Already on GitHub? Sign in to your account

Parallelize ApplicationSet Reconciliation Loop #10952

Closed
rumstead opened this issue Oct 14, 2022 · 30 comments · Fixed by #12714
Closed

Parallelize ApplicationSet Reconciliation Loop #10952

rumstead opened this issue Oct 14, 2022 · 30 comments · Fixed by #12714
Labels
component:applications-set Bulk application management related enhancement New feature or request type:scalability Issues related to scalability and performance related issues

Comments

@rumstead
Copy link
Contributor

rumstead commented Oct 14, 2022

Summary

The ApplicationSet controller looks to do a lot, if not all, tasks sequentially.
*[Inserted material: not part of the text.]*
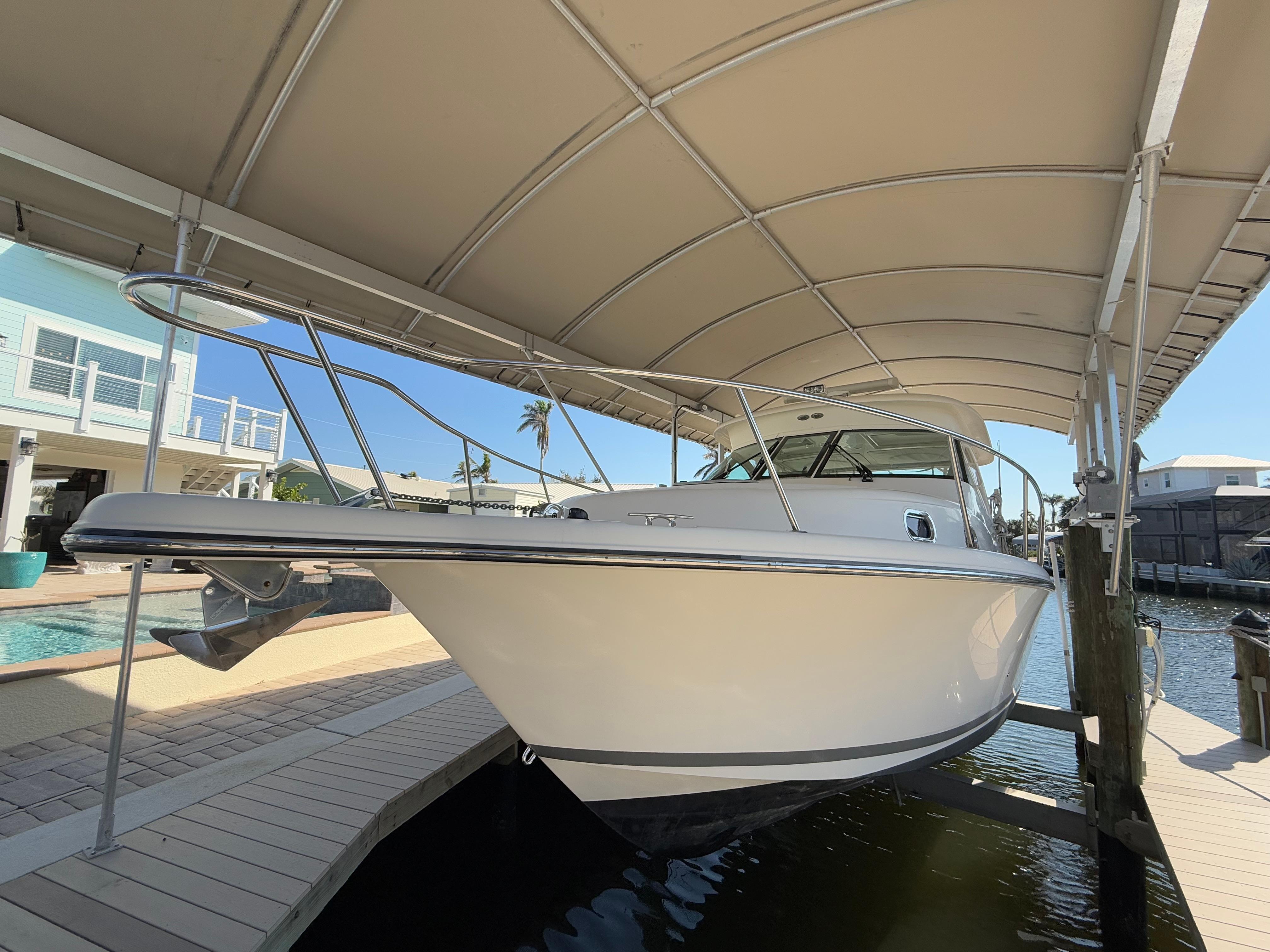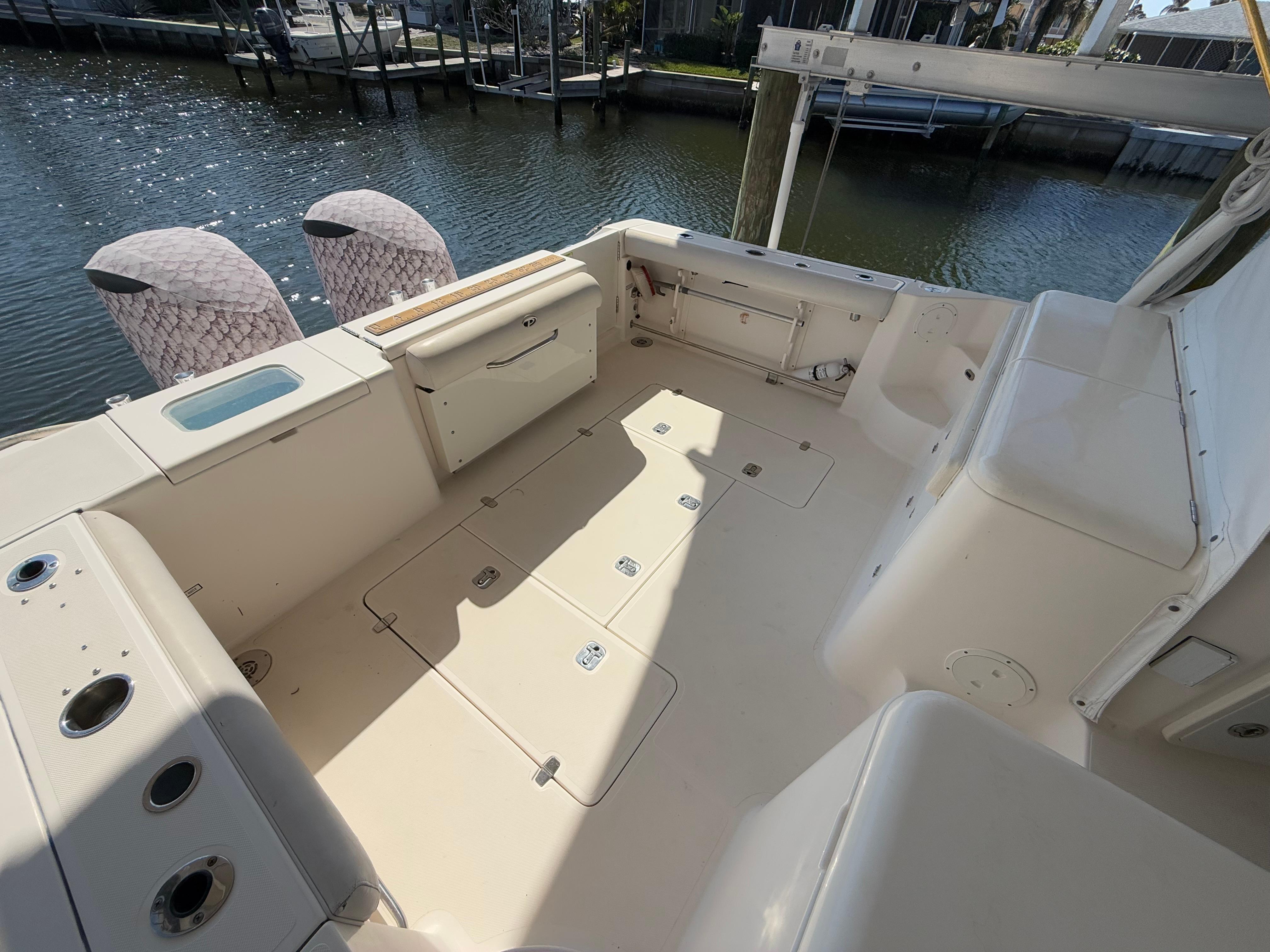 This is the LOWEST PRICED, LOWEST HOUR OS 345 for sale In America!!When tasked with designing a replacement model for the 335 Offshore - the best selling model in Pursuit's history - their engineers had a tall order to fill. Fortunately, our staff is full of over-achievers and the OS 345 was born. Slightly longer and wider than her predecessor, this model features an expansive cockpit for fish fighting and a large cabin for cruising and overnighting in comfort.The OS 345's hull has been specifically designed for twin Yamaha 350 hp 4-stroke engines, which provide optimal performance with minimal horsepower. Standard bow thrusters will give any captain the confidence to dock in close quarters, wind or strong currents. The express design includes an open helm with optional bridge deck cooling with air conditioning and an aft canvas enclosure so you can escape the elements without escaping the view. This layout also affords quick access from the helm to the cockpit when you have more screaming reels than anglers. The cockpit includes ample seating and an electric grill for entertaining and a host of fishing features including a recirculating livewell, a comprehensive rigging station with locking tackle drawers, insulated fish boxes and enough elbow room that you're not running into each other.In the cabin, Pursuit developed an innovative circular seating arrangement forward for dining and socializing. The mid-cabin berth includes a comfortable settee. The head compartment includes a separate area for showering to minimize clean up after a nice hot shower. The galley features stainless steel appliances and Corian countertops like those found in fine custom homes - that's appropriate since you'll probably want to live aboard the OS 345. This is a covered lift kept, upgraded and updated version that is offered turn-key without disappointment or excuses! Helm A/C, and a full suite of Raymarine Axiom Navionics round out this fantastic boat! She will NOT last!!

This can cause slow ApplicationSet reconciliation when the controller is stuck waiting on slow tasks, like network IO from a GIT generator.

For instance,

time="2022-10-14T13:49:05Z" level=info msg=Trace args="[git fetch origin HEAD --tags --force]" dir=/tmp/https_super_secret_repo="exec git" time_ms=3122.340543

Motivation

Speeding up the reconciliation loop will allow for ApplicationSet changes to be applied faster providing a quicker feedback loop.

I have an app set controller managing about 100 apppsets, generating about 1800 applications. I am seeing large latency between a new application set being deployed and the controller picking them up. I do use the app of apps pattern for deploying the application sets. An example time line:

  1. pr merge for new app set
  2. About 2 minutes later Argo cd syncs appset via polling
  3. 14 minutes later the appset controller picks up the new appset

I am on version 2.4.14

Proposal

I haven't gotten this far yet but some sort of worker, consumer pattern :).

Another idea would be to integrate GIT interactions with the repo-server.

@rumstead rumstead added the enhancement New feature or request label Oct 14, 2022
@crenshaw-dev crenshaw-dev added type:scalability Issues related to scalability and performance related issues component:applications-set Bulk application management related labels Oct 14, 2022
@hcelaloner
Copy link
Contributor

Hi, we are also experiencing slowness in the ApplicationSet Controller side when the number of ApplicationSets increases. We opened #9002 and tried to bring a solution with #9568 for the subject. I am not fully familiar with the code base but like mentioned in the #9002 it seems that Application Controller has some parallelism and sharding support, meanwhile, the ApplicationSet controller does not have any parallelism and sharding support. We can bring the same options to ApplicationSet controller.

By the way, I tried to perform a small experiment about sharding. It may not be an ideal experiment but it can provide some insights.

In an ArgoCD instance in my company. I created ~807 ApplicationSets and ~1614 Applications (2 apps generated by each Application). When there is one pod running for ApplicationSet controller. I added the 808th ApplicationSet. It approximately took 30 minutes to create its apps. Hence, the 808th deployment took 30 minutes. In the meantime, ApplicationSet controller's "workqueue_depth" metric was always high.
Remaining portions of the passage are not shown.